At any moment I'm expecting oodles of 'Oompa-Loompas' to jump out and start singing.

"OOMPA LOOMPA DOOMPADEE DOO
I'VE GOT A PERFECT SNOW PILE FOR YOU
OOMPA LOOMPA, DOOMPADAH DEE
IF YOU ARE WISE YOU'LL LISTEN ME
WHAT DO YOU GET WHEN YOU BLOW AWAY SNOW
BLOWING AS MUCH AS TEN SHOVELS CAN THROW
WHAT ARE YOU AT GETTING TERRIBLY FAT
WHY NOT SHOVEL AND EXERCISE AT THAT
I DON'T LIKE THE LOOK OF IT
OOMPA LOOMPA DOOMPADEE DAH
IF YOU BLOW AWAY THOSE NEIGHBORS
DOOMPADEE DOO
YOU WILL LIVE IN HAPPINESS
LIKE THE OOMPA LOOMPA DOOMPADEE DO
DOOMPADEE DOO "

Not only are the snow-blower owners smiling and almost dancing with delight, the rascals have the time to turn off their demonic snowblowers and have a conversation with the other snow-blower owners next door or across the street!

I think there might be a secret snow-blower society in town. Its a conspiracy I tell you, a conspiracy! They are all plotting against us neanderthal snow shovelers! If not plotting against us, at least they are rubbing our noses in the snow flakes.

As I continue to clear away this heavy powder a second demonic sight greets me... the dreaded contractor clearing the snow.

A few minutes after my realization about the snow-blower club, a contractor with a huge plow comes along and clears my next door-neighbors drive way in 3 minutes flat!

Yes I did time him! I had needed a break (rest-time) from the 45 minutes I had spent clearing my 5 car driveway. So while I was catching my breath, I watched in horror as he cleared her lane and the wind picked up and blew a ton of it right onto my driveway (Sorry, yes God I was envious).

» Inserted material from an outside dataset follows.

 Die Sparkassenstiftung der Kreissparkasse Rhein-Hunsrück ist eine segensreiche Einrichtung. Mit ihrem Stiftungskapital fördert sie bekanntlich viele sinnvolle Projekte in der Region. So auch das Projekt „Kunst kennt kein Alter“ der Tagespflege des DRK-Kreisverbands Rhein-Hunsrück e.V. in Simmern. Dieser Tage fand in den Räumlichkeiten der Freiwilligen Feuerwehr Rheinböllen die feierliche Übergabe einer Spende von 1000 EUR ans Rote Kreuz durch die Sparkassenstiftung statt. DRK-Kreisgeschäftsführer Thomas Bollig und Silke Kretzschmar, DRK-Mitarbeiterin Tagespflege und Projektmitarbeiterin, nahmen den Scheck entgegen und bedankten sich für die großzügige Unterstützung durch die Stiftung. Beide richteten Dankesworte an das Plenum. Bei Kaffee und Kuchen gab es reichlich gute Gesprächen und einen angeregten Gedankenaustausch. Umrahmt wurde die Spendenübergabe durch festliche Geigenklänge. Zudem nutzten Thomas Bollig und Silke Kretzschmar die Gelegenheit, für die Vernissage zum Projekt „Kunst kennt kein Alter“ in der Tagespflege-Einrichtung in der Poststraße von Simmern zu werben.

Well, its almost dark now and I'm almost done this darn 8 car driveway, when a sound from around the corner makes me scream like a little girl! The street plow ... the one I have been praying would stay away.... is here - right around the corner!

What are my options?

Quickly I look around. I could park the car in front of the driveway and force him to go around. No, I dismiss this idea, it would just block me in and get the plow-driver angry. Besides its a new white car, why take a chance he would go straight or has issues with depth perception? I could lie down at the end of the driveway, pretend I had a heart attack, and he would go around so as not to cover me with snow. Again I dismiss this plan, he might get out of the truck and give me mouth-to-mouth - and eeeeek, I would rather have a heart-attack.

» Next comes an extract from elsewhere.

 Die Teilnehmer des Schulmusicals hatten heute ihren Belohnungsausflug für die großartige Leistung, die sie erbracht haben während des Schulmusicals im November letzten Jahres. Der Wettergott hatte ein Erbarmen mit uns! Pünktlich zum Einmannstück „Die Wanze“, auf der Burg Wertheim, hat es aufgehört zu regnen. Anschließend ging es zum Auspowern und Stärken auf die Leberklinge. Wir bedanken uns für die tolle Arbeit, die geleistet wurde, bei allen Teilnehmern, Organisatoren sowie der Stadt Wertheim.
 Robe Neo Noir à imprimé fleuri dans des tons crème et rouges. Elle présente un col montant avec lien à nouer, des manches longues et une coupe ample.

I could throw the wife in the snow and have her beg on her knees for the driver to go the other way, but again, depth perception comes to mind....

I'm out of ideas, and he has turned the corner and is looking straight at my lane-way. I can just barely make out a hideous smile on the driver's face. It seems to stretch from cheek to cheek and if he knows what evil he is about to inflict on me!

I simply succumb and realize that my hard work will soon be plowed over. and this conspiracy will continue through the remaining Winter, the inevitable Spring snow blizzard and into the summer when grass-cutting starts.

Just as he's about to floor it and ram the snow into my 10 car driveway, God must have taken pity on me and my oldest son returns home. The driver sees this and realizes I'm not going to shovel it all, so he simply does a normal plowing, the smile gone and gives me a sad but almost evil glance as he passes my entrance way.

Yes, Lord I am a true believer. You tested me, and I passed!!!

Now....If I see even 1 riding lawnmower in my neighborhood this summer.....

Comments

  1. Haw haw, Colin
    This is totally great.
    I just know you could make a million dollars being a writer. And, you'd be in great shape from all the shovelling.

    Love, yer Sis
    ~ Jane x0x0x0x0

    ReplyDelete
  2. Thanks Jane, appreciate the compliment.